Disclaimer: I started writing this comment having in mind to list only a few items and not more than 100 words, but it became a really large comment; Since I went into depth here and there, doesn't mean I expressed all the details I would express when we would have a long debate; I may also not have mentioned some exceptions to the rule. And I certainly did not mention all the things that are 'wrong' - in my opinion in this community - wrt who gets votes and who not; for sure a fact is that some of us get enormous rewards given by high SP holders ALL the time and ending up in Trending ALL the time and many good authors and posts do hardly get any votes/rewards at all - just to name another topic of total disproportional imbalance.

Long comment with valid points.
I always liked the idea of "social exposure" with warnings first, to have a chance to change the so called "bad" behavior.
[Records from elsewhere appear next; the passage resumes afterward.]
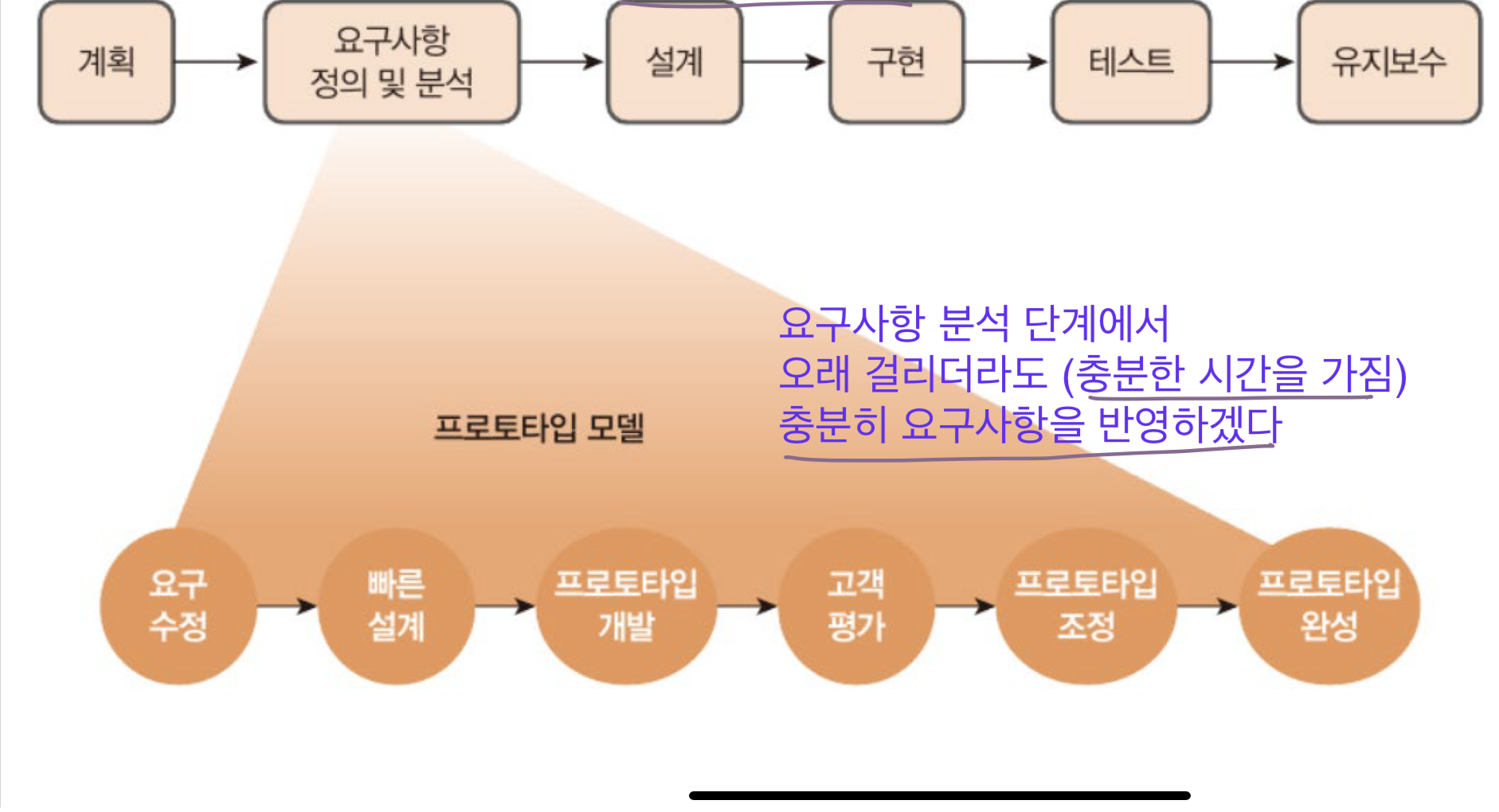 폭포수 모델은 완성된 요구사항을 바탕으로 설계 이후 바로 구현에 들어감 (프로토타입 없음)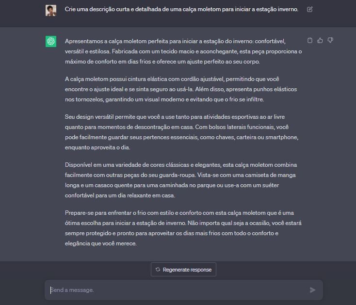 Exemplo de comando: Crie uma descrição curta e detalhada de uma calça moletom para iniciar a estação inverno.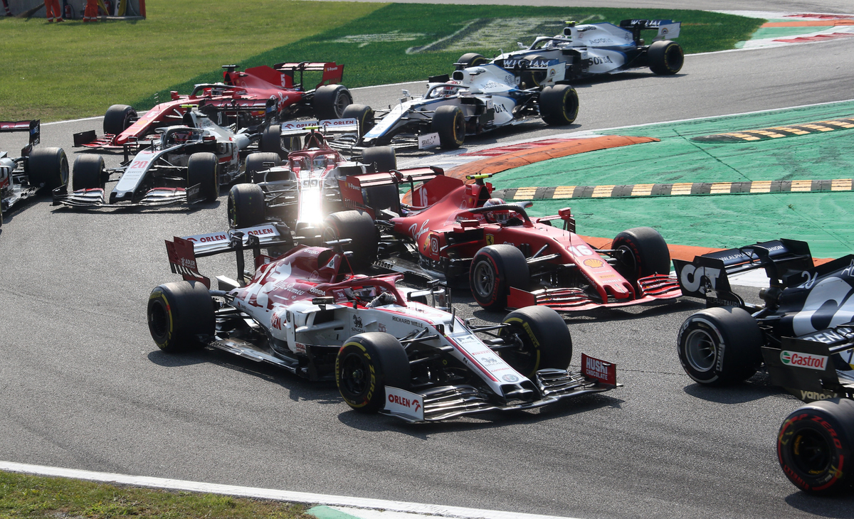 Formula One F1 - Italian Grand Prix - Autodromo Nazionale Monza, Monza, Italy - September 6, 2020 Alfa Romeo's Kimi Raikkonen and Ferrari's Charles Leclerc with drivers during the race Pool via REUTERS/Matteo Bazzi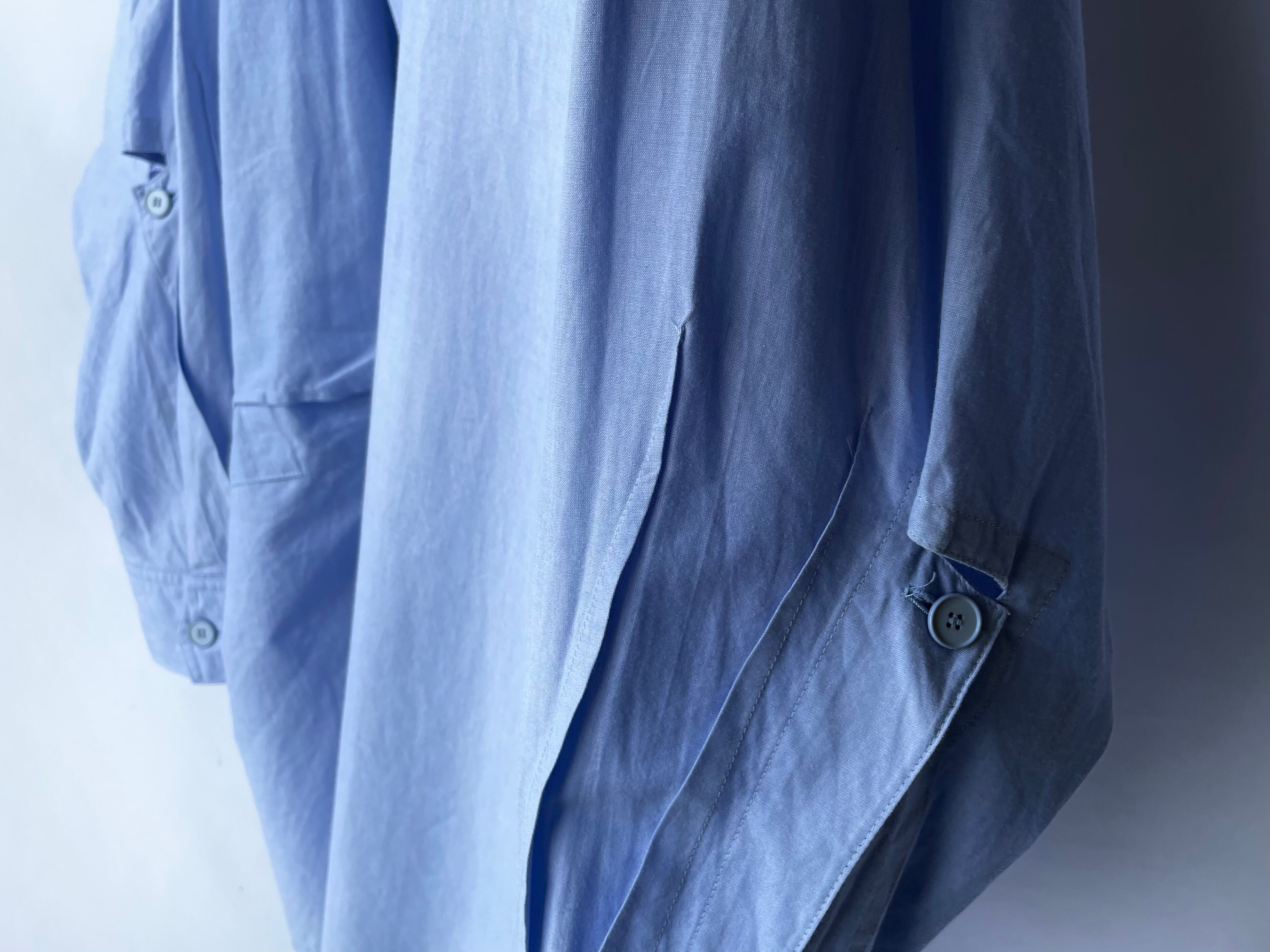 両袖先に向けて2箇所生地が摘まれ、肘下までがばっくりと割れる2点ボタン留めのカフスデザイン。

Good comment and valid - enjoyed reading the whole thing - even though it was long :)

Until a few hours ago I thought HF19 was a success - now it seems not so much now.

It's a shame there isn't a way to test these changes before going live with new code. I'd agree and say voting culture is at the core of this.

Testing is not really possible, other then try in the field and decide next HF to implement something else or step back to what we had.